Here’s Looking at You, Kid

Scientists use instruments for various things, and one of the more common visions is that of the astronomer looking to the night sky with his telescope. Stars are just balls of gas and dust. Pretty balls of gas and dust and, when it comes right down to it, so are astronomers and so are we all.

Stars all look very much the same to the unaided eye, but one caught the Astronomer's attention while sorting through high speed film -- colorful, luminous and somehow different from all the others he'd seen.

Any astronomer can use a telescope, and most of them do, but our Astronomer went a different way: instead of just watching and measuring, he began talking with the Star in the early evenings. Their conversations ranged widely over topics from interstellar gas spectroscopy to politics, transport, love and the nature of existence. As their conversations progressed the Astronomer learned a lot about the Star, and our Star learned quite a bit about the Astronomer. More similar than either wanted to admit, they both spent their evenings in the cold and the dark, working more than they should trying to fill a void they had both been ignoring. Without even thinking about it, they were both falling in love, albeit at a distance best measured in large and obscure units. It happens. Even with stars.

Now:

Love can't do everything, despite what the poets say. It's not a matter of power, it's simply that Union regulations forbid anyone from doing all the work. Take it up with, well, whoever you Believe in. Love does get around though, and can get quite a lot done if given the assignment. Like sending a plane ticket to a Star. Delta gets you there, and I suppose can get you back. I've seen them do it, and everyone knows all the Stars fly first class ...

Having studied each other in some detail, and talked for so long, both the Astronomer and the Star knew what to expect. They just didn't expect so much of it ... So fundamentally the same, both balls of gas and dust animated by a force neither understood. So fundamentally different as to defy description. They found themselves bound by the simple calculus of Love, the usual and customary addition of one and one to get some huge floating point value no one understands but poets. And Astronomers. And Stars, of course.

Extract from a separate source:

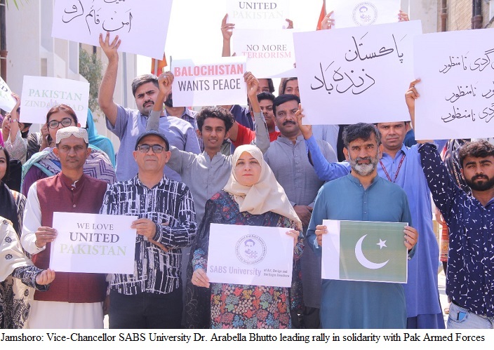 Forces and condemn the recent attack on a train in Balochistan. The rally, led by Vice-Chancellor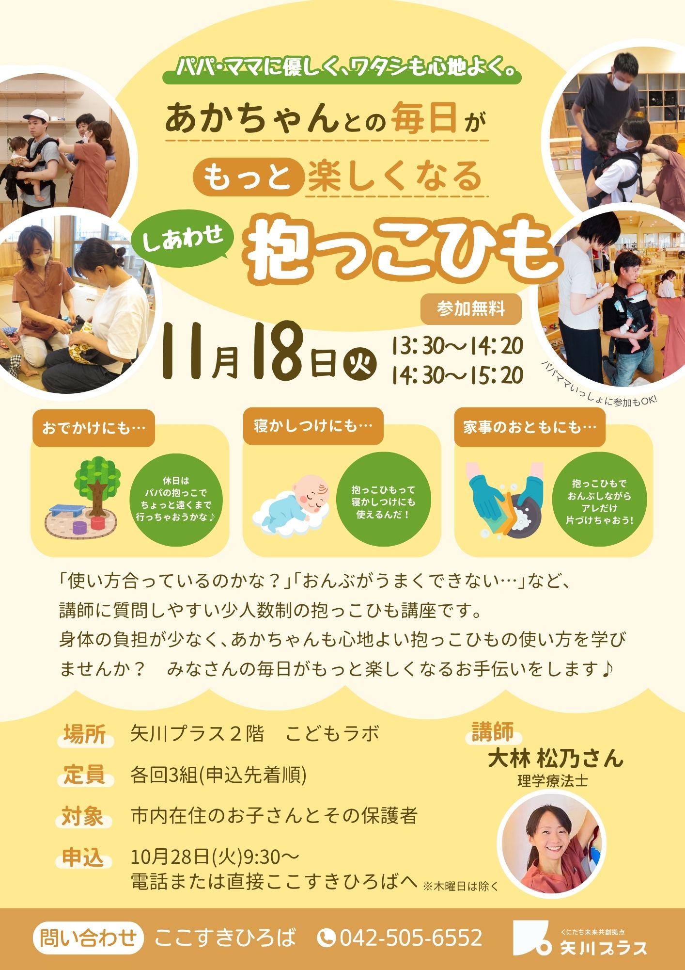 参加希望の方は、11月17日(月)17:00までに電話(042-505-6552)または直接ここすきひろばまでお申し込みください(申込先着順です)。

Eventually, though, the Star had to return home. She was part of an existing constellation, and no matter how cold and dusty a place it might be, she was bound by duty to live, at least for a while, in the dark, empty sky. The Astronomer was heartbroken, to no one's surprise, and again returned to the night sky looking at the stars, and wondering about his Star. Would she walk with him again in the beautiful daylight?

Only time will tell, he surmised, and Time being much like Love, doesn't say much. It's not that he doesn't know, it's just not his job. The Union, again. We leave our tale with the Astronomer watching from a distance, as most astronomers do, with a Star hopefully watching back, and occasionally talking in the early evening. Stars belong in the night sky. Any fool can tell you that. It takes a far wiser man to see that they belong where they are happiest.